(What the task requires):
Without the pictures, print each of the records below exactly as it appears.

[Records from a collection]
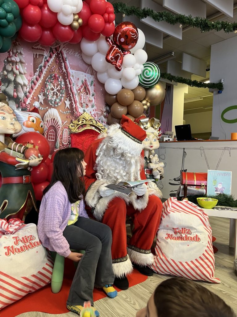 Rápidamente, Santa se acomodó en su trono y nos dejó a todos boquiabiertos contándonos todo el trabajo que tiene estos días en su fábrica del Polo Norte para que ningún niño o niña se quede sin su regalo.
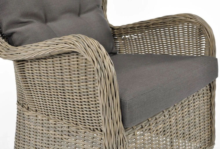 Výplet z polyratanu je odolný vůči vodě, UV záření a teplotním změnám. Hliníkový rám je pevný, nerezaví a zároveň lehký pro snadné přenášení i každodenní používání.
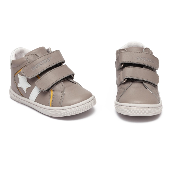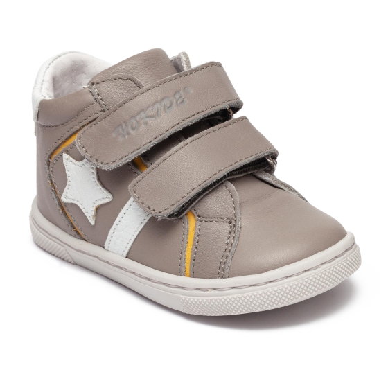 Ghete copii din piele cu talonet hokide 481 gri alb G 18-25
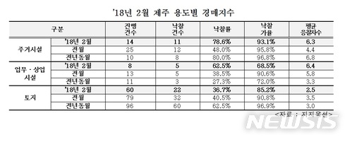 이창동 지지옥션 선임연구원은 "그동안 제주 경매시장에는 무조건 오른다는 분위기가 형성되면서 '묻지마 투자'에 나서는 이들이 많았다"며 "이에 가격과 경쟁률이 높은 수준을 이어갔고 과열양상까지 보였다"고 설명했다.
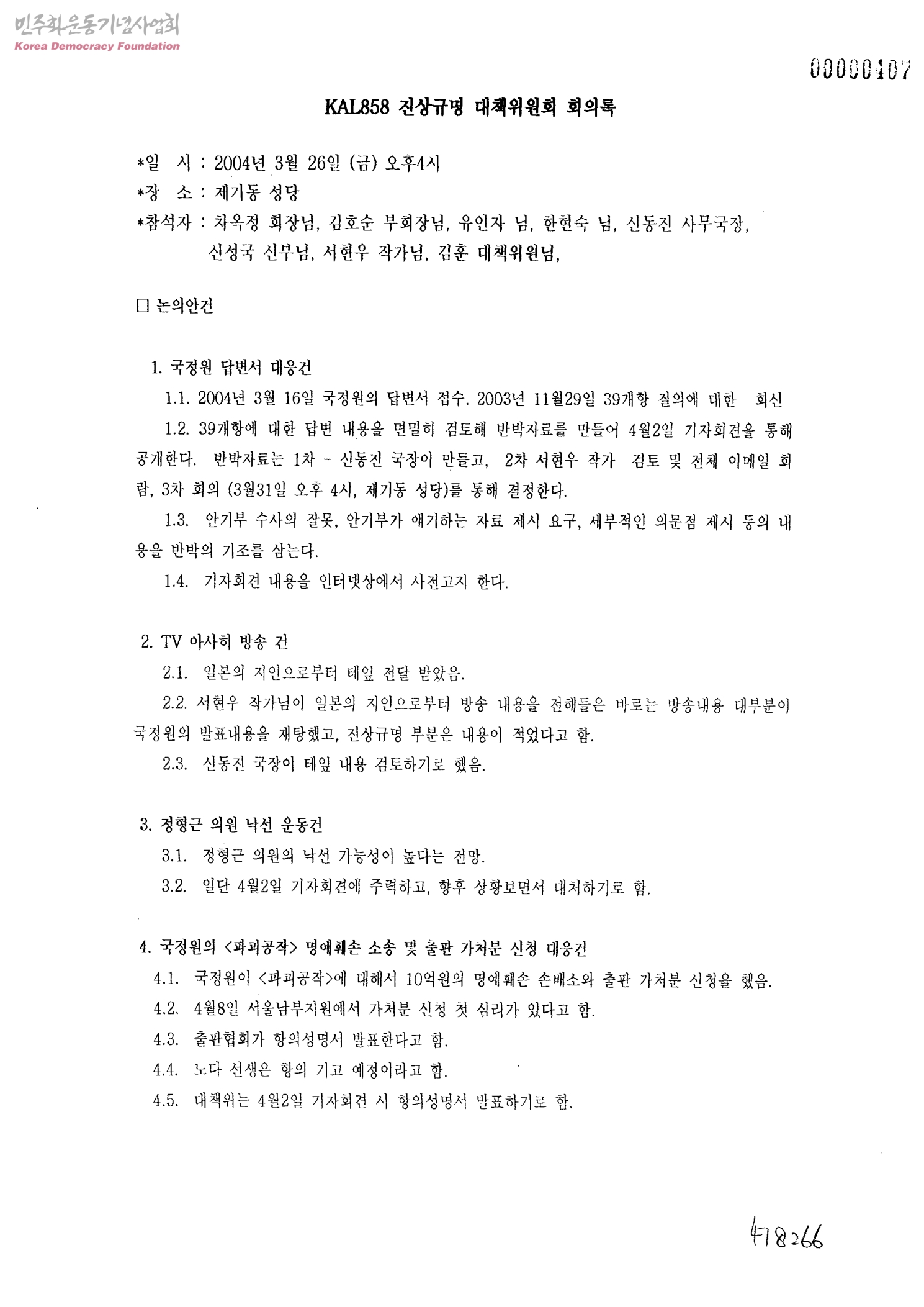 KAL858진상규명대책위원회 회의록
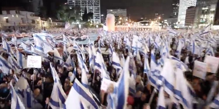 Manifestation contre la réforme judiciaire à Tel Aviv : notez qu'il y a plus de drapeaux que pour célébrer l'Etat d'Israël
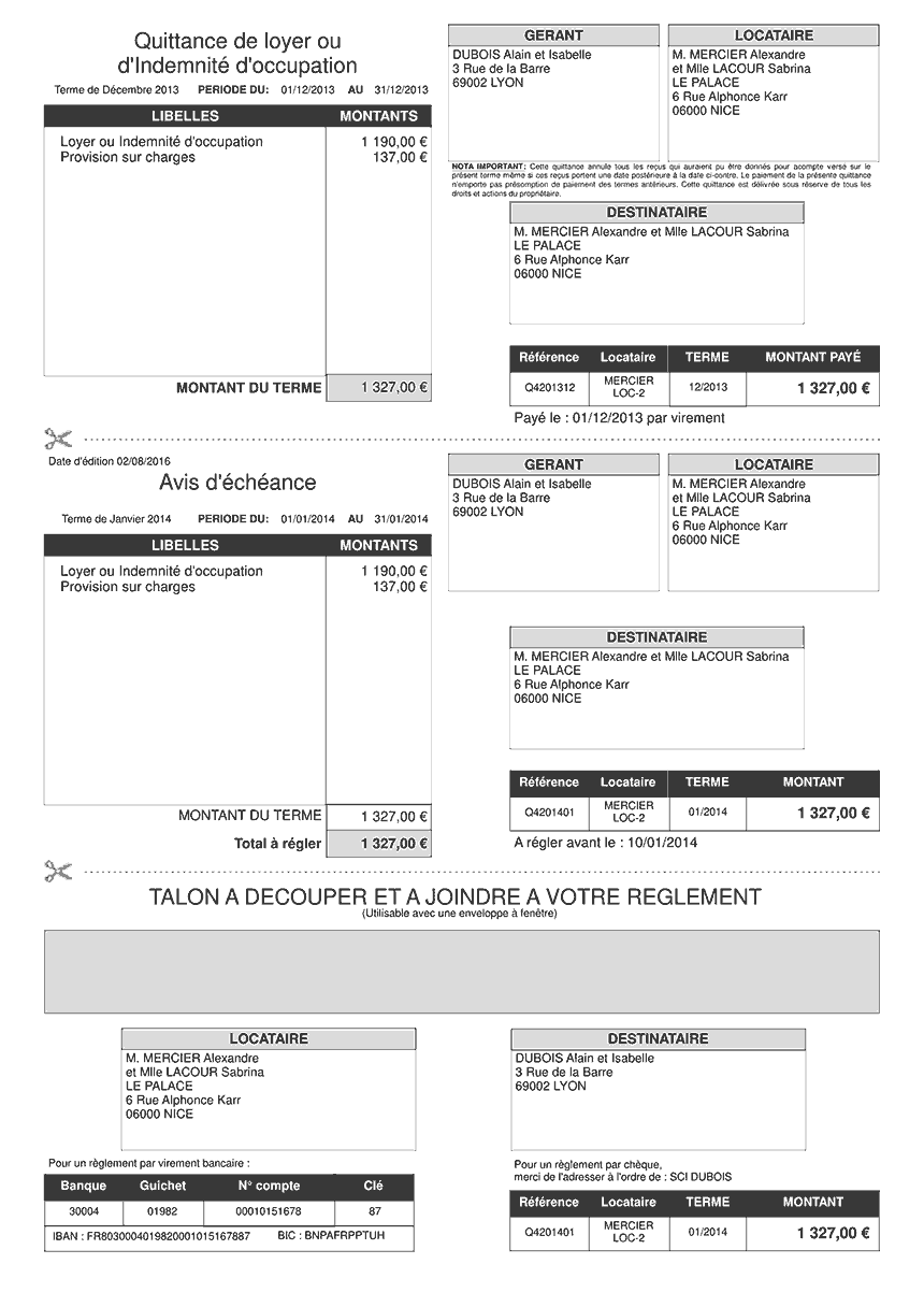Voici l'exemple d'un document regroupant une quittance et un avis d'échéance sur une seule page. En regroupant toutes ces informations ensemble, vous économisez des frais de papier, d'encre et d'envoi postal. Toutes les données importantes y figurent, y compris si besoin du talon à découper et de la note en bas de page.
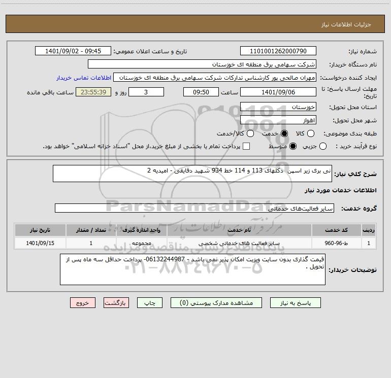 شرح کلی نیاز: نی بری زیر اسپن دکلهای 113 و 114 خط 934 شهید دقایقی - امیدیه 2
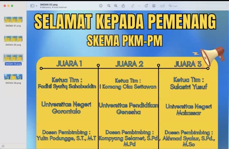 “Prestasi ini menjadi bukti bahwa mahasiswa Jurusan Pendidikan IPA UNM mampu bersaing dan berkontribusi melalui karya ilmiah yang bermanfaat. Saya berharap capaian ini menjadi motivasi bagi mahasiswa lain untuk terus berkarya dan berprestasi, tidak hanya di ajang PKM AMLI, tetapi juga di berbagai kegiatan kemahasiswaan lainnya, baik di tingkat nasional maupun internasional,” ujarnya.
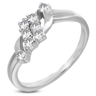 Ocelový prsten s čirými zirkony Prsten je vyroben z chirurgické oceli 316L Parametry materiál chirurgická ocel povrchová úprava lesklá druh kamene zirkon Vyberte variantu: 50 52 57 60
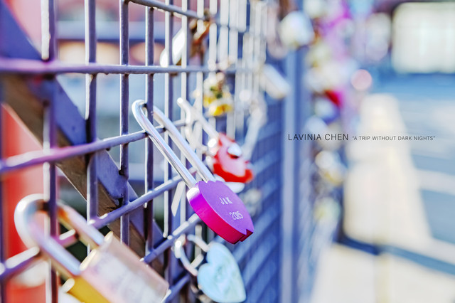 通往教堂的小桥上有很多锁,留着很多人的记忆和心事吧。这把2015年锁上,刻有两个人名字的粉色锁,应该是段爱情吧,不知现在是否依旧很好。

(The completed task):
 Rápidamente, Santa se acomodó en su trono y nos dejó a todos boquiabiertos contándonos todo el trabajo que tiene estos días en su fábrica del Polo Norte para que ningún niño o niña se quede sin su regalo.
 Výplet z polyratanu je odolný vůči vodě, UV záření a teplotním změnám. Hliníkový rám je pevný, nerezaví a zároveň lehký pro snadné přenášení i každodenní používání.
 Ghete copii din piele cu talonet hokide 481 gri alb G 18-25
 이창동 지지옥션 선임연구원은 "그동안 제주 경매시장에는 무조건 오른다는 분위기가 형성되면서 '묻지마 투자'에 나서는 이들이 많았다"며 "이에 가격과 경쟁률이 높은 수준을 이어갔고 과열양상까지 보였다"고 설명했다.
 KAL858진상규명대책위원회 회의록
 Manifestation contre la réforme judiciaire à Tel Aviv : notez qu'il y a plus de drapeaux que pour célébrer l'Etat d'Israël
Voici l'exemple d'un document regroupant une quittance et un avis d'échéance sur une seule page. En regroupant toutes ces informations ensemble, vous économisez des frais de papier, d'encre et d'envoi postal. Toutes les données importantes y figurent, y compris si besoin du talon à découper et de la note en bas de page.
 شرح کلی نیاز: نی بری زیر اسپن دکلهای 113 و 114 خط 934 شهید دقایقی - امیدیه 2
 “Prestasi ini menjadi bukti bahwa mahasiswa Jurusan Pendidikan IPA UNM mampu bersaing dan berkontribusi melalui karya ilmiah yang bermanfaat. Saya berharap capaian ini menjadi motivasi bagi mahasiswa lain untuk terus berkarya dan berprestasi, tidak hanya di ajang PKM AMLI, tetapi juga di berbagai kegiatan kemahasiswaan lainnya, baik di tingkat nasional maupun internasional,” ujarnya.
 Ocelový prsten s čirými zirkony Prsten je vyroben z chirurgické oceli 316L Parametry materiál chirurgická ocel povrchová úprava lesklá druh kamene zirkon Vyberte variantu: 50 52 57 60
 通往教堂的小桥上有很多锁,留着很多人的记忆和心事吧。这把2015年锁上,刻有两个人名字的粉色锁,应该是段爱情吧,不知现在是否依旧很好。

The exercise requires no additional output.